The $37-million project would produce up to 66 million litres of biodiesel each year of off-grade canola and pennycress -- also called stinkweed -- which resembles canola, but is considered a weed. About 120,000 acres of farmland would need to be planted in pennycress to supply the plant.

Peacock is already on second base with the project: The Michigan plant owner has agreed to trade his facility for a share of the new Alberta firm, and Peacock has already talked with Bay Street investors.

"We presented to four groups and one has already made a proposal, with one or two others expected soon," said Shane Pospisil of Nichols Applied Management, which has a contract from the province to help towns like High Prairie attract projects.

Pennycress has the ability to pull contaminants -- lead, zinc arsenic and aluminum -- from the soil and store them in the plant stem. In Detroit, small test plots are part of an attempt to reclaim the inner city for small vegetable farms, and Peacock thinks it might even have an application in oilsands and drilling pad reclamations.

Up the road from High Prairie, the hamlet of Guy has its own example of local innovation. With its long, sunny summer days, the Peace Region is known as Canada's honey capital. And the Wolfe family for many years were producing up to a million pounds a year of honey for the bulk market.

But U.S. wholesalers and repackagers were making the real money, Pospisil said.

"The Wolfes needed to add value and take control of their marketing. And they needed a brand."
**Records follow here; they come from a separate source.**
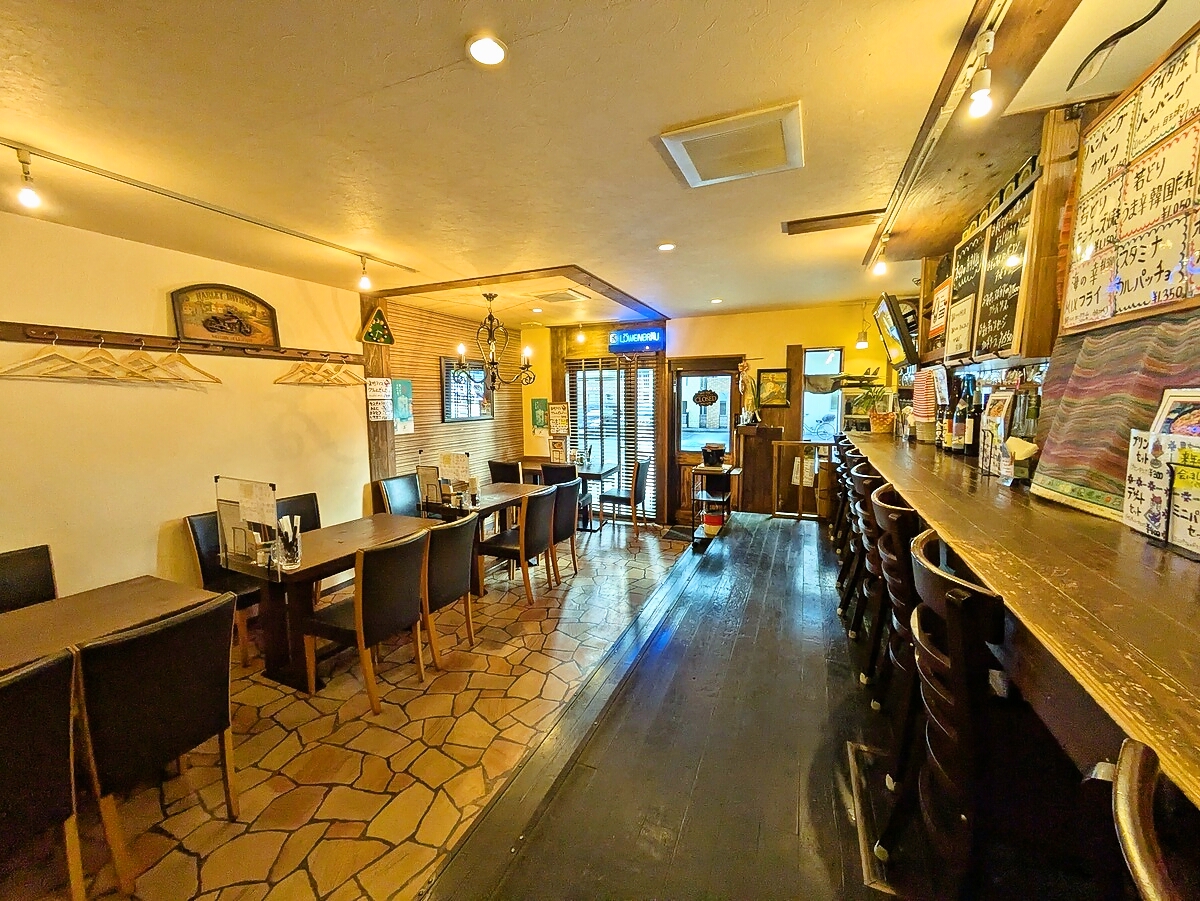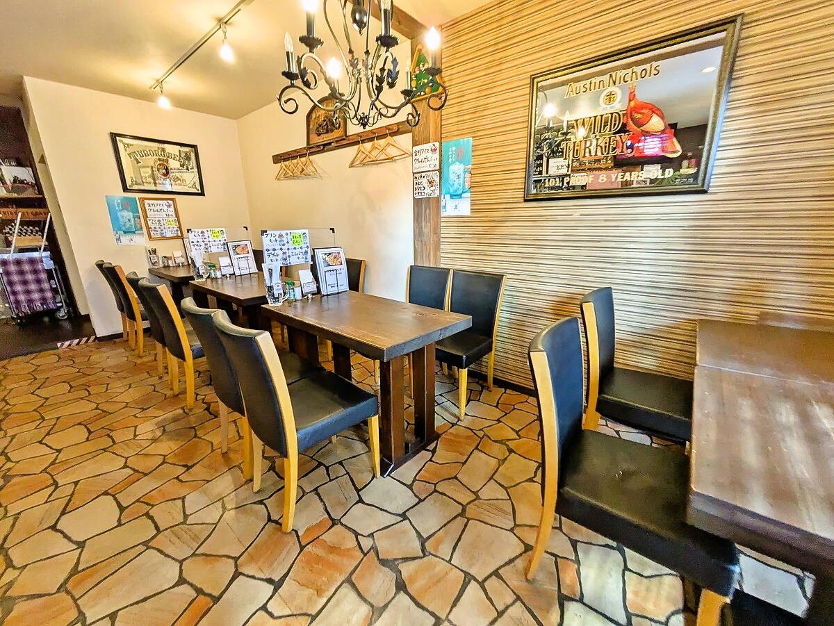 店内は木目調の落ち着いた空間で、カウンター席とテーブル席が用意されている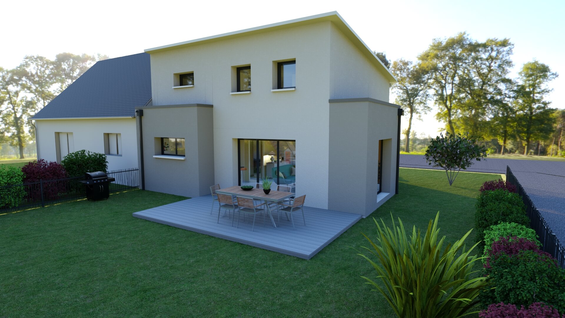 Proche Vilaine, à 500 mètres des commerces, en lotissement, sur une parcelle de terrain viabilisée d'une surface de 480 m², maison contemporaine bioclimatique, pompe à chaleur haute performance avec ballon d'eau chaude sanitaire intégré et plancher chauffant, comprenant une vaste pièce de vie 42 m² exposée Sud-est avec cuisine ouverte, suite parentale au rdc avec salle d'eau privative et douche italienne, wc. A l'étage, palier avec coin mezzanine, 2 chambres, salle de bains, wc. Idéal pour votre résidence principale.Conforme à la réglementation thermique en vigueur, profitez de votre nouvelle maison en maitrisant vos factures énergétiques grâce à l'utilisation d'énergie renouvelable ! Contacter Grégory POIDEVIN, agence Oceane Habitat PénestinTerrain sélectionné auprès de notre partenaire foncier, sous réserve de disponibilité. Prix hors frais d'acte notarié.Contrat de construction CCMI avec assurance Dommages Ouvrages inclus.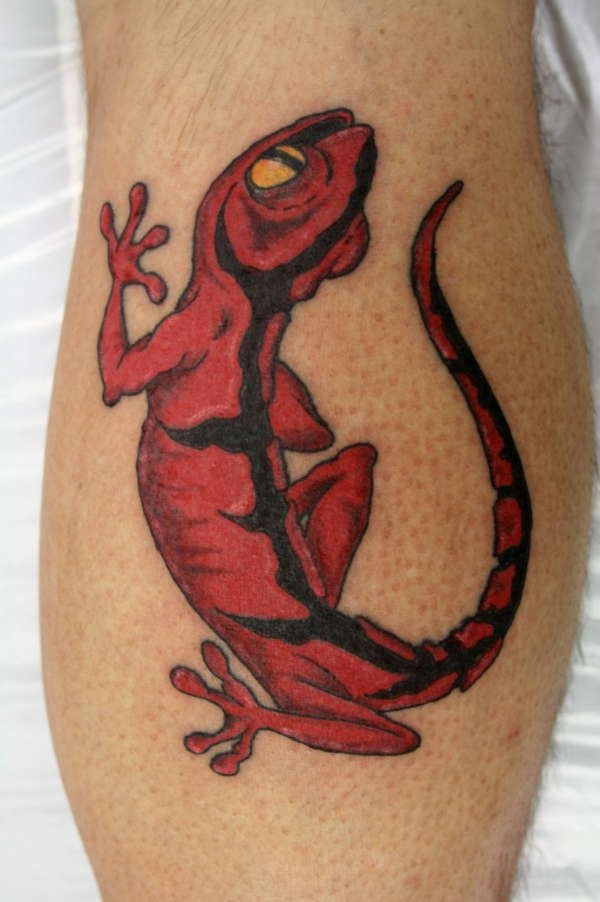 红色和黑色蜥蜴纹身图案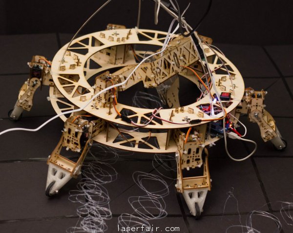 開發團隊有3名成員,Jia Wu、Mary Sek、Jeff Maeshiro,他們(men) 使用激光切割機和Type A 3D打印機製造了這款熱塑性3D打印機器人Geoweaver,六足、帶十二個(ge) 伺服器,可四處行走。
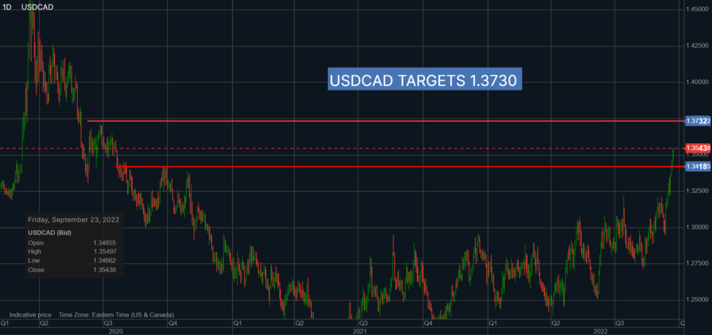 USDCAD is on a tear and has been since the hotter than expected US inflation report on September 13. Since then, prices climbed from 1.2955 to 1.3549 for a gain of 4.5% and there is more upside.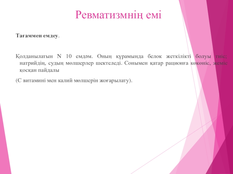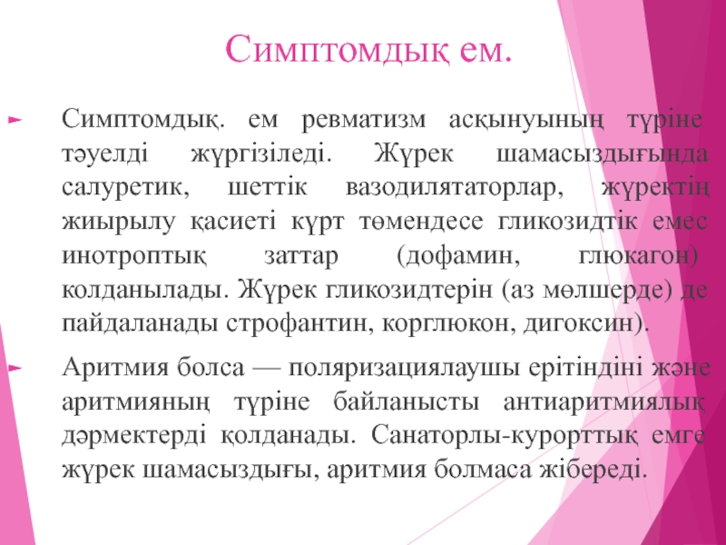 Симптомдық. ем ревматизм асқынуының түріне тәуелді жүргізіледі. Жүрек

So after some image testing, the Honey Bunny organic honey brand was born in 2007, complete with a cute rabbit logo designed to win young fans and a new high-tech plant.

The foil-packaged honey won the 2009 Canada Grand Prix for new products award. Distribution in organic markets, including the large Whole Foods chain, has expanded to include some Safeway stores in Canada. Honey Bunny is now Canada's largest organic-honey producer.

And recently, the family-owned firm bought the marketing rights to the established Zambezi honey brand to solidify its U.S. sales effort. That darker, more expensive honey is collected from large hives that hang from trees in southern Africa.

"We are designing a foil package for it as well that will maintain the colourful African look of the current label, with the yellow and orange colours, the large tree, elephant and giraffe," co-founder Sharon Wolfe said.

The key to organic honey is the health of the colonies, Wolfe said. Every fall she sends 7,200 colonies to spend the winter outdoors in southern B.C., thus avoiding pesticides needed to treat diseases found in bees kept in sheds here, or problems with continually importing new queens each year.

In the spring, she distributes her hives throughout the Peace region, placing them on farms and public lands.

"We are beekeepers, not farmers. We have to place them wherever we can, and then the bees just do their job," she said.